American antiquarian (1777–1863)

John Allan (February 26, 1777 – November 19, 1863) was a Scottish-born American antiquarian.

Allan was born in Kilbirnie, Ayrshire, Scotland. His father was a tenant farmer, and sent his son to a grammar school. After leaving school he worked on the farm, but, finding this labor uncongenial, he emigrated to New York in 1794, secured employment as a clerk or book-keeper, and speedily acquired a high reputation for industry and trustworthiness. He was book-keeper to Rich & Distrow, merchant tailors, for many years, and to his clerkship he added also the business of commission agent, and was at one time much employed as a house agent and collector of rents.

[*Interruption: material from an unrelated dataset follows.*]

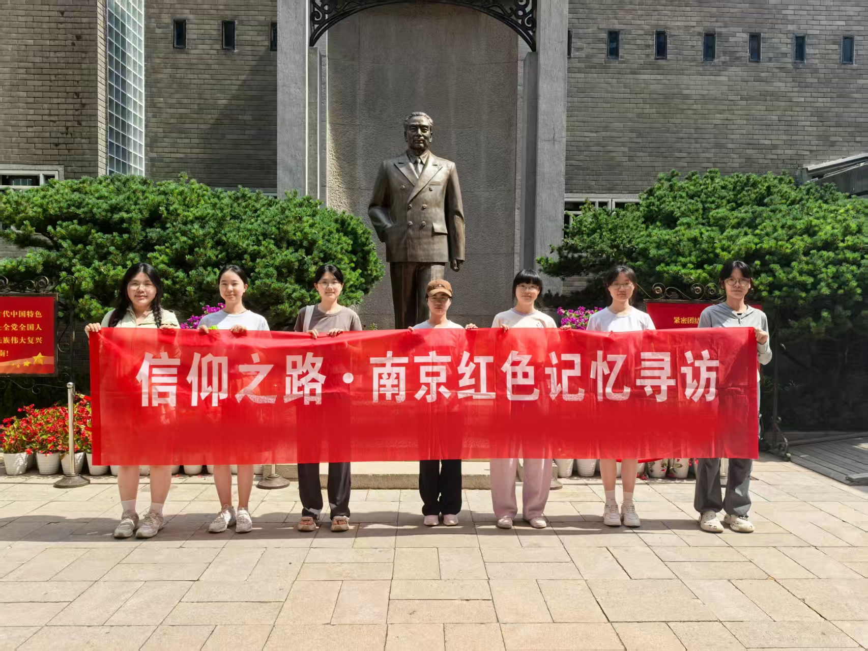 7月16日至7月20日开展实地调研与历史考证等工作,近距离感受了历史的厚重感。期间,小队成员们参观了国共谈判史料陈列馆、周恩来图书馆和中共代表团成员在梅园的旧居,并在周恩来铜像前合照。

By these various employments he secured a moderate independence.

He married early in life, and occupied for a quarter of a century a house in Pearl Street. opposite Centre Street, the site of which is now part of the public street. In 1837 he removed to 17 Vandewater Street, where he resided until his death, and there found leisure for gratifying his taste for antiquarian research. In a room at his house his valuable and unique collection of pictures, books, autographs, and rare and curious articles, especially attractive to the antiquary and virtuoso, was frequently viewed by visitors to the city and by others. In this room, so garnished, he died.

Allan's collection was sold at auction a short time after his death, and the total receipts amounted to $87,689.26. The auctioneer was Joseph Sabin. At that time but one of his children, a Mrs. Stewart, was living, and he had appointed her sole executrix of his estate. One of Allan's hobbies was a fancy for snuff-boxes, of which he had gathered a large and valuable collection. Another was illustrating such works as the Life of George Washington by Washington Irving and Robert Burns's Poems, which brought extremely high prices at his celebrated sale. See Duyckinck's "Memorial of John Allan," issued by the Bradford Club (New York, 1864).